I asked my gastro and he said to try it


----------



## imisspopcorn

Sorry I scared you. I thought you were using the aloe juice you drink to do the enema.....Are you?


----------



## Fog Ducker

Hmmm Im far from anything resembling a doctor, but Ive away been sceptical of enemas


----------



## Samantha

Only enema's I've had are the entocort one's. I read through your link and it sounds interesting, but that is the sort of thing I would prefer to have done by a nurse or someone who knows what they are doing!


----------



## nogutsnoglory

I used 3 oz of aloe vera gel and 4 oz of warm water.  Honestly it wasn't as bad as I thought and when I had the urge to eliminate I saw stuff come out I had never seen before.  Lots of mucuous and yucky dried up stuff.  I can't imagine it was good to have that inside so I am glad it is out.  I followed up by drinking a probiotic shake to replace any good bacteria I may have lost. 

I don't recommend or not recommend it, I don't know if it did anything for me but because of the stuff that came out I will experiment with it again.


----------



## kenny

Your name is befitting me thinks.

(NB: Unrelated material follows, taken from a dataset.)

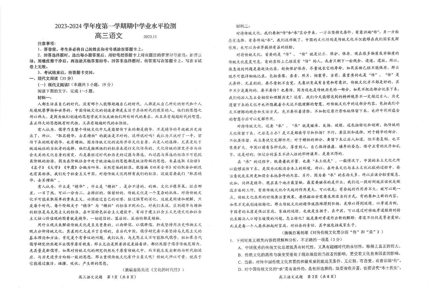 山东省青岛市四区统考2024届高三上学期期中语文

Maybe all those Hollywood stars are onto something?


----------



## D Bergy

I tried the Aloe Vera enema once, but the leaves did not want to come back out, and my wife missed the plant.

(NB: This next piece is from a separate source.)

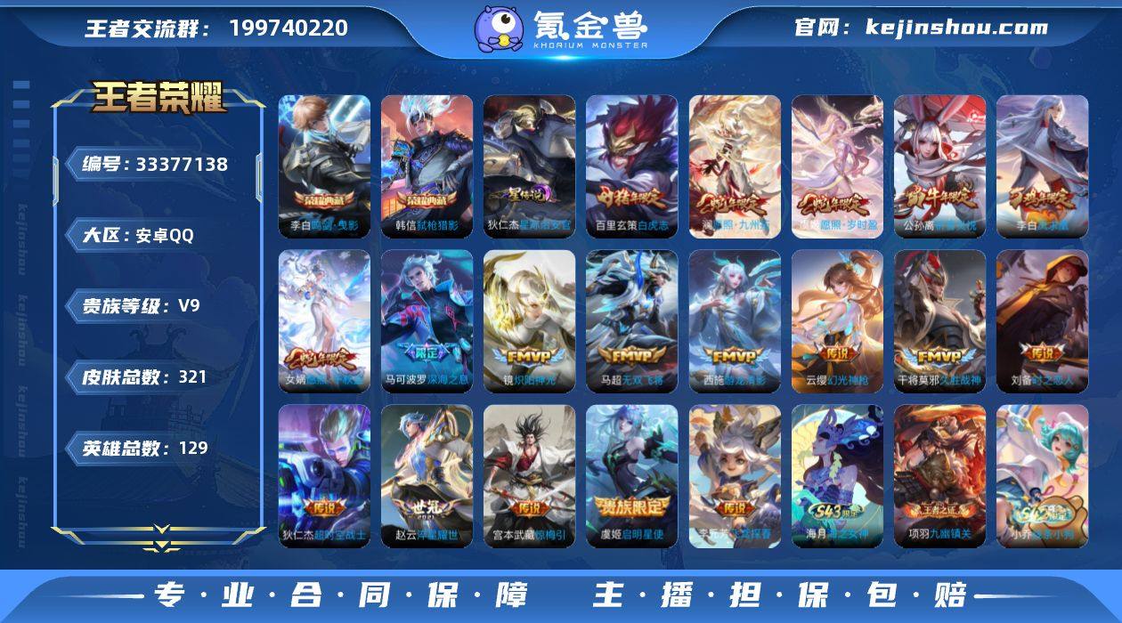 王者20694,不可二次,244夺宝,2339星币,安卓Q-V9-永恒钻石I段位-129英雄-321皮肤-2典藏皮肤-18传说-85史诗 【英雄全皮】:苍全皮,赵怀真全皮 【荣耀典藏】:李白鸣剑曳影,韩信弑枪猎影 【传说皮肤】:女娲愿照千秋盛,澜愿照九州拓,虞姬愿照岁时盈,云缨幻光神枪,宫本武藏惊梅引,马可波罗深海之息,马超无双飞将,赵云淬星耀世,西施游龙清影,李元芳飞鸢探春,公孙离祈雪灵祝,镜炽阳神光,虞姬启明星使,刘备时之恋人,干将莫邪久胜战神,百里玄策白虎志,李白凤求凰,狄仁杰超时空战士 【限定皮肤】:白起狰,大乔绒语心约,姜子牙天穹之誓,杨戬破阵退雄兵,狄仁杰阴阳师,虞姬凯尔特女王,赵云皇家上将,墨子神迹守卫,孙尚香蔷薇恋人,鲁班七号狮舞东方,庄周蜃楼王,庄周云端筑梦师,庄周高山流水,高渐离死亡摇滚,孙膑妖精王,扁鹊炼金王,芈月重明,元歌云间偶戏,元歌无心,夏侯惇朔风刀,曹操烛龙,典韦穷奇,马可波罗逐梦之星,马可波罗暗影游猎,马可波罗深海之息,狄仁杰魔术师,狄仁杰万华元夜,达摩星际陆战队,达摩沙漠行僧,项羽海滩派对,老夫子醍醐杖,老夫子航海奇遇记,关羽冰锋战神,安琪拉魔法小厨娘,程咬金演武夺筹,兰陵王金庭之子,亚瑟...

Seriously, I think some people use coffee enema's to stimulate the Liver into releasing toxins.  I prefer my coffee in the other end, but to each his own.
I have never had reason to do one, and I would look into it a bit, before considering something like that.

Dan


----------



## nogutsnoglory

the leaves?  im confused, I suggest using a pure aloe gel or water and dilute it with some warm water.  the aloe "leaf" is thick and cactus like it should not be in any way part of the enema.


----------



## shazamataz

I think that was a joke!


----------



## imisspopcorn

nogutsnoglory said:
			
		

> the leaves?  im confused, I suggest using a pure aloe gel or water and dilute it with some warm water.  the aloe "leaf" is thick and cactus like it should not be in any way part of the enema.

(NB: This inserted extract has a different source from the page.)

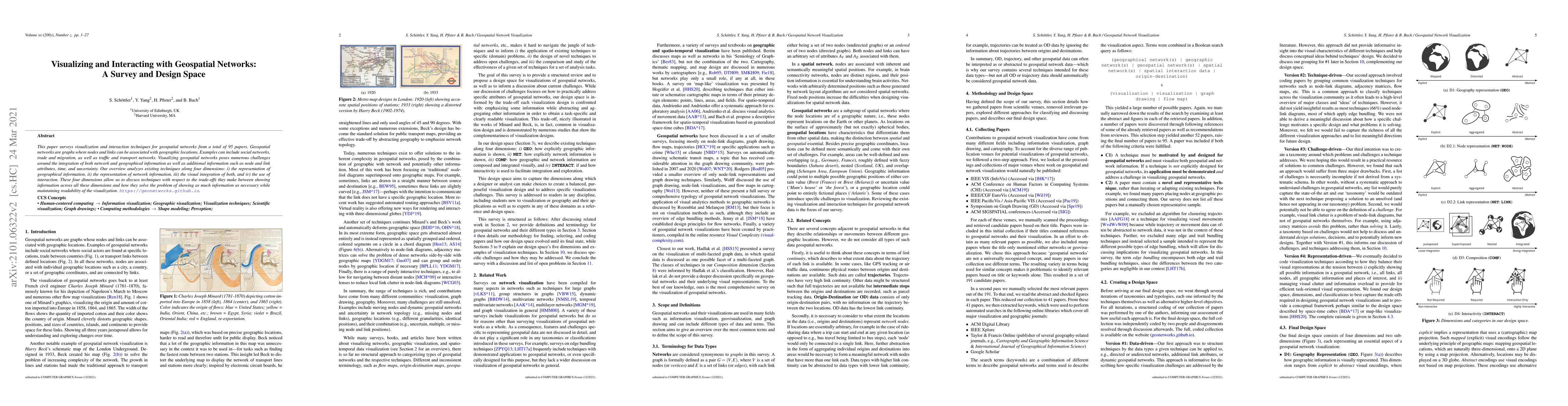 This paper surveys visualization and interaction techniques for geospatial networks from a total of 95 papers. Geospatial networks are graphs where nodes and links can be associated with geographic locations. Examples can include social networks, trade and migration, as well as traffic and transport networks. Visualizing geospatial networks poses numerous challenges around the integration of both network and geographical information as well as additional information such as node and link attributes, time, and uncertainty. Our overview analyzes existing techniques along four dimensions: i) the representation of geographical information, ii) the representation of network information, iii) the visual integration of both, and iv) the use of interaction. These four dimensions allow us to discuss techniques with respect to the trade-offs they make between showing information across all these dimensions and how they solve the problem of showing as much information as necessary while maintaining readability of the visualization. https://geonetworks.github.io.

OUCH!!!! NGNG...I think he was kidding.


----------



## nogutsnoglory

oh LOL I just read the "my wife missed the plant" part which would make sense.  I was like OMG that poor guy he must have been in a lot of pain if he really put an aloe plant in there haha.


----------



## Fog Ducker

Yikes!!


----------



## Nytefyre

Ouch! lol...


----------



## emerson24

Well, I can definitely say that there is some bad advice going on in this thread.  I'm in naturopathic medical school and I can say without question that enemas/colonic therapy is beneficial.  Extremely beneficial.  We have a physician who specializes in environmental toxicity (which we all have toxic build up in this day and age), and he sees dramatic improvements in people all across the board.  People with autoimmune disease do very well with it.  Rather than spending money on products you don't know about, worrying if this treatment is right for you, etc., just spend the money and go see a well trained naturopath in colon disorders.  Relying on mainstream medicine, which I was a PA in for 13 years, is like the blind leading the blind.  Seriously now, do you think there is any intelligence in suppressing a symptoms with drugs?  Why do you have symptoms?  Because something is wrong with the body and it's measures to expel the toxicities is no longer working.  It's innate healing ability is now compromised.  Suppressing the symptoms is just dangerous and negligent health care.  There was one gastroenterologist who didn't even think probiotics were beneficial.  Talk about missing the mark!  That's GI health 101.


----------



## David

emerson24 said:


> Relying on mainstream medicine, which I was a PA in for 13 years, is like the blind leading the blind.  Seriously now, do you think there is any intelligence in suppressing a symptoms with drugs?  Why do you have symptoms?  Because something is wrong with the body and it's measures to expel the toxicities is no longer working.  It's innate healing ability is now compromised.  Suppressing the symptoms is just dangerous and negligent health care.  There was one gastroenterologist who didn't even think probiotics were beneficial.  Talk about missing the mark!  That's GI health 101.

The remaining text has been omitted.